(TASK REQUIREMENTS) When you reach the line with "Z569 【泉美】大明年製 染付 蕎麦猪口 湯呑 茶器", start repeating the lines exactly and keep going to the end of the records, but drop every picture.

==== MATERIAL FOR THIS TASK

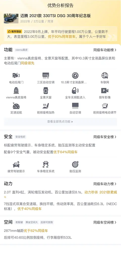 这款迈腾 2021款 330TSI DSG 30周年纪念版车源地是菏泽,上牌日期2022年09月,表显里程3万公里,新车含税价25.53万,二手车报价12.88万。该车与新车相比便宜12.65万,约6.1折。外观为黑色,内饰为深色,可迁异地落户,此车没有过户记录。
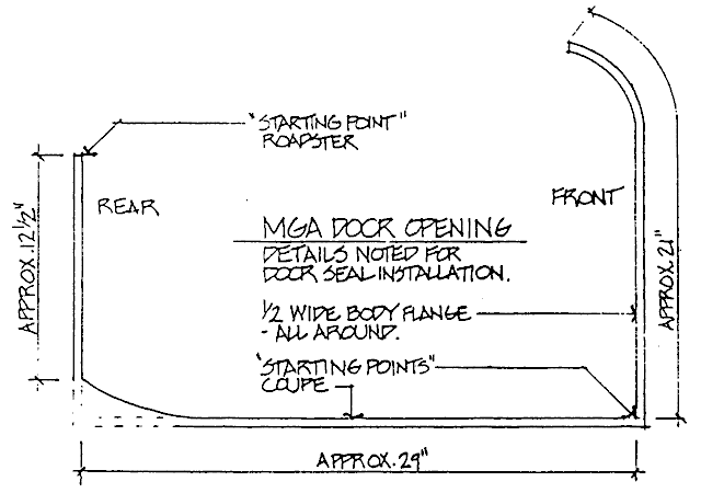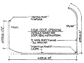 Door seals for the MGA Coupe are similar to the seals for the roadster, except they go all around the door opening on the Coupe, including around the window opening in the roof line. The Coupe seals would originally start and end at the lower front corner, but Todd Clarke recommends start and end at bottom center for a neater appearance. Please review fitting instructions for the roadster door seals first in article INT-108B. Then go to the Clarke Spares & Restorations web site and read the instructions for installing this door seal.
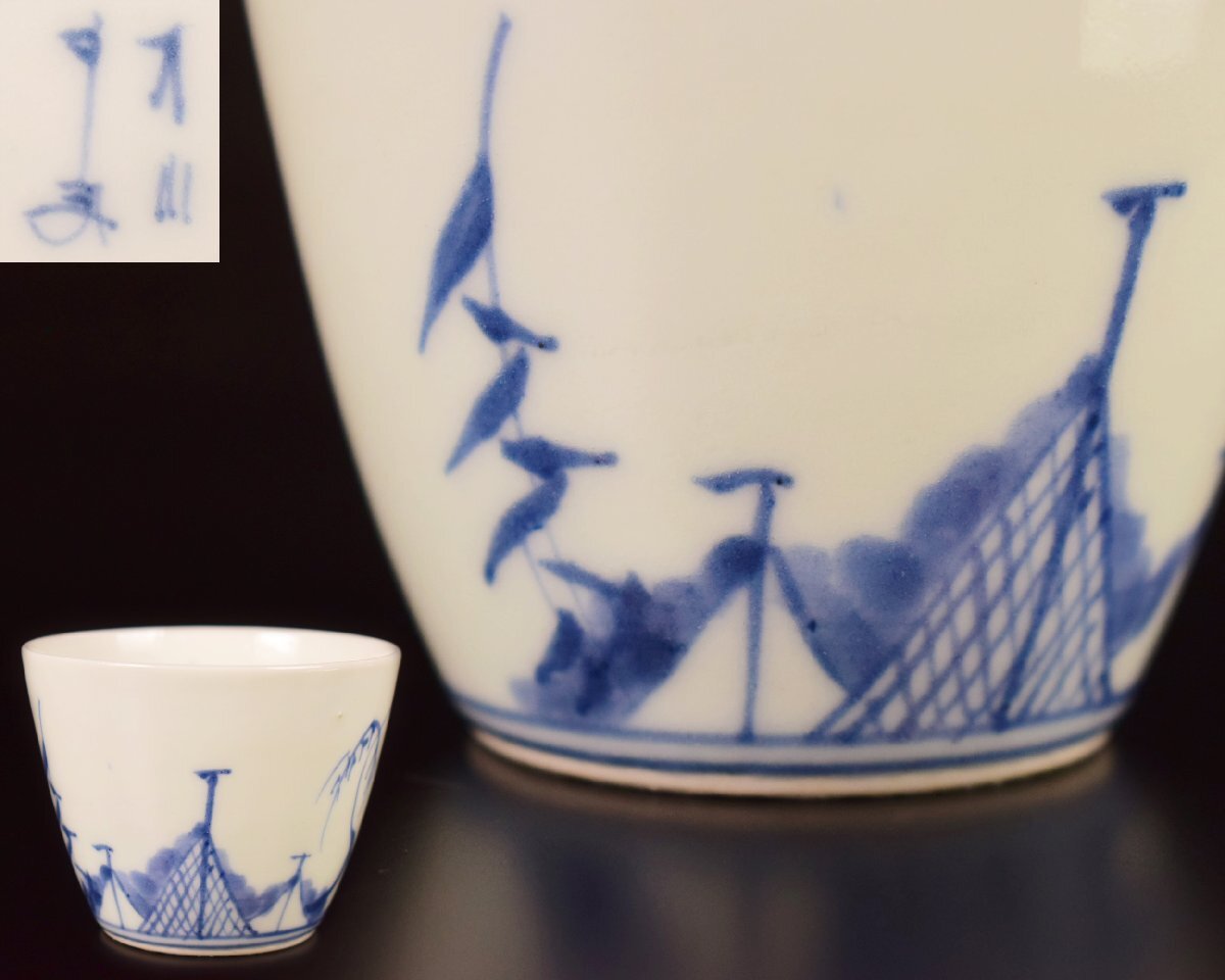 Z569 【泉美】大明年製 染付 蕎麦猪口 湯呑 茶器
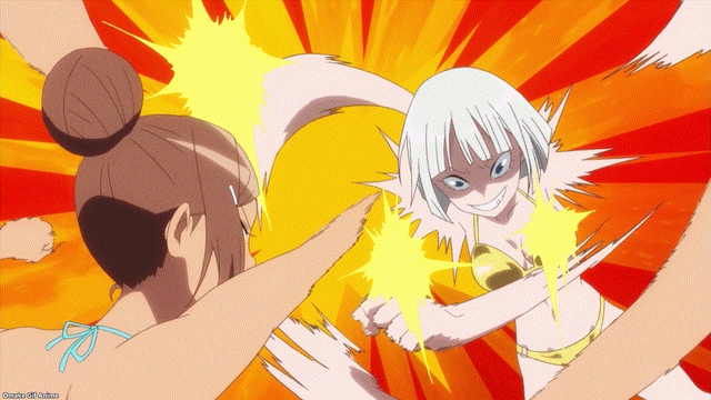This week, Dumbbell gave us an almost pure slice of life comedy with absurdist elements. Zina’s integration into Japanese life with her new classmates and friends was the setting, but it was her jumbled knowledge of Japanese pop culture that was the catalyst for crazy times culminating in the strangest idol group audition ever. There were many throwaway jokes for the otaku and Akihabara fans. The ultimate of the absurd was Macho Man himself, who confirmed that he is the muscle-bound magical mascot of the whole city. He can overhear conversations from miles away, as long as it’s fitness related, and he doesn’t just break the 4th Wall. He leans his elbows on it! It’s a bit sad that the bikini scenes with the kendo mask in the end credits did not correspond to another sexy swimsuit episode. I suppose we can’t have cheesecake all the time. Today was not a cheat day.
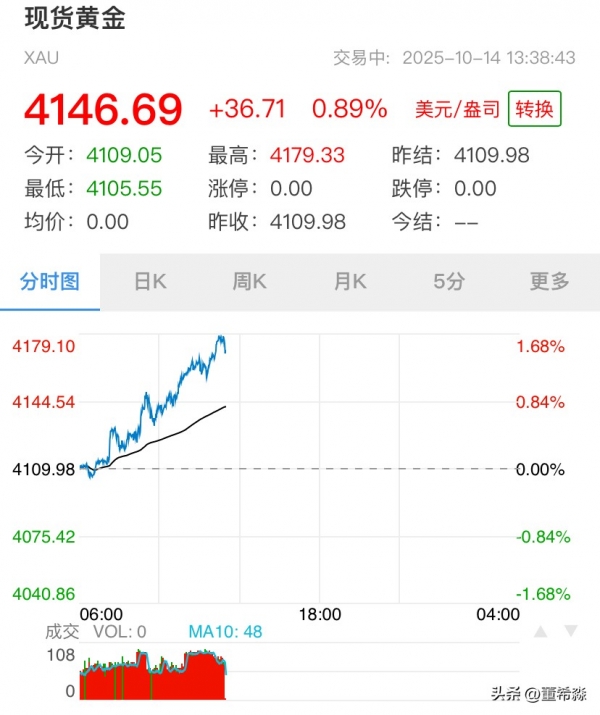 与此同时,国际金价同样势如破竹,现货黄金站上4100美元/盎司,最高4179.33美元/盎司,续刷历史新高。下一个目标位指向42000美元甚至4500美元。据业内人士统计,若金价能维系当前的上涨速度,最早到2028年便有望触摸到10000美元大关的门槛。
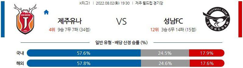 【K리그1】 8월 2일 제주 유나이티드 vs 성남
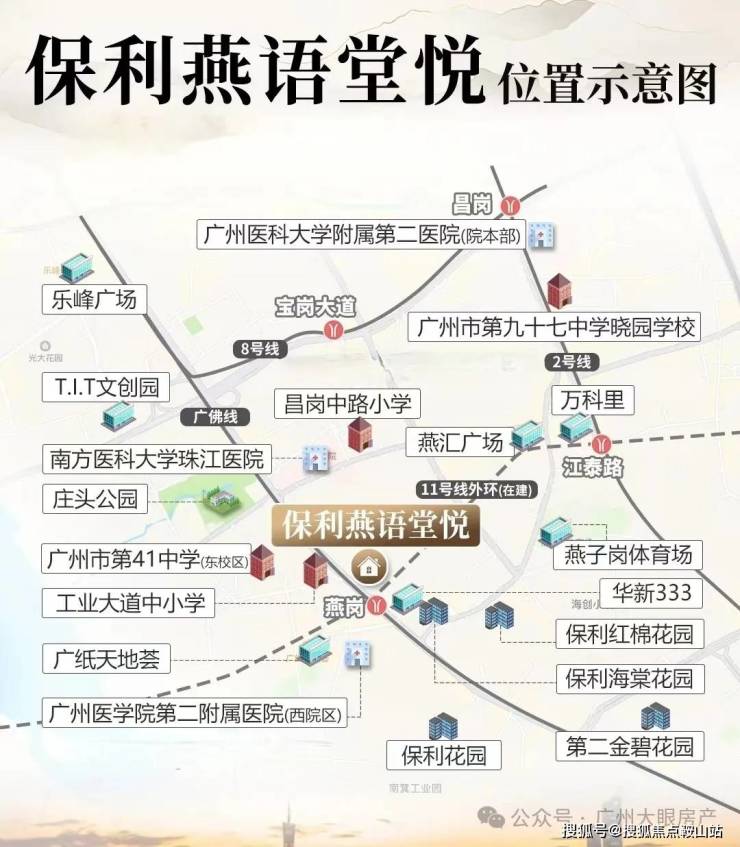 项目位于海珠区工业大道中的燕岗地铁站旁,地铁上盖项目(在建中的11号线+广佛线),坐落于工业大道中,背靠珠江后航道,傲立于海珠新活力文商旅融合圈与广州市"首个"后航道服务型制造创新带交汇的核心地带,海珠后航道将成为海珠未来唯一连片开发的豪宅板块。

========

(FINAL ANSWER)
 Z569 【泉美】大明年製 染付 蕎麦猪口 湯呑 茶器
This week, Dumbbell gave us an almost pure slice of life comedy with absurdist elements. Zina’s integration into Japanese life with her new classmates and friends was the setting, but it was her jumbled knowledge of Japanese pop culture that was the catalyst for crazy times culminating in the strangest idol group audition ever. There were many throwaway jokes for the otaku and Akihabara fans. The ultimate of the absurd was Macho Man himself, who confirmed that he is the muscle-bound magical mascot of the whole city. He can overhear conversations from miles away, as long as it’s fitness related, and he doesn’t just break the 4th Wall. He leans his elbows on it! It’s a bit sad that the bikini scenes with the kendo mask in the end credits did not correspond to another sexy swimsuit episode. I suppose we can’t have cheesecake all the time. Today was not a cheat day.
 与此同时,国际金价同样势如破竹,现货黄金站上4100美元/盎司,最高4179.33美元/盎司,续刷历史新高。下一个目标位指向42000美元甚至4500美元。据业内人士统计,若金价能维系当前的上涨速度,最早到2028年便有望触摸到10000美元大关的门槛。
 【K리그1】 8월 2일 제주 유나이티드 vs 성남
 项目位于海珠区工业大道中的燕岗地铁站旁,地铁上盖项目(在建中的11号线+广佛线),坐落于工业大道中,背靠珠江后航道,傲立于海珠新活力文商旅融合圈与广州市"首个"后航道服务型制造创新带交汇的核心地带,海珠后航道将成为海珠未来唯一连片开发的豪宅板块。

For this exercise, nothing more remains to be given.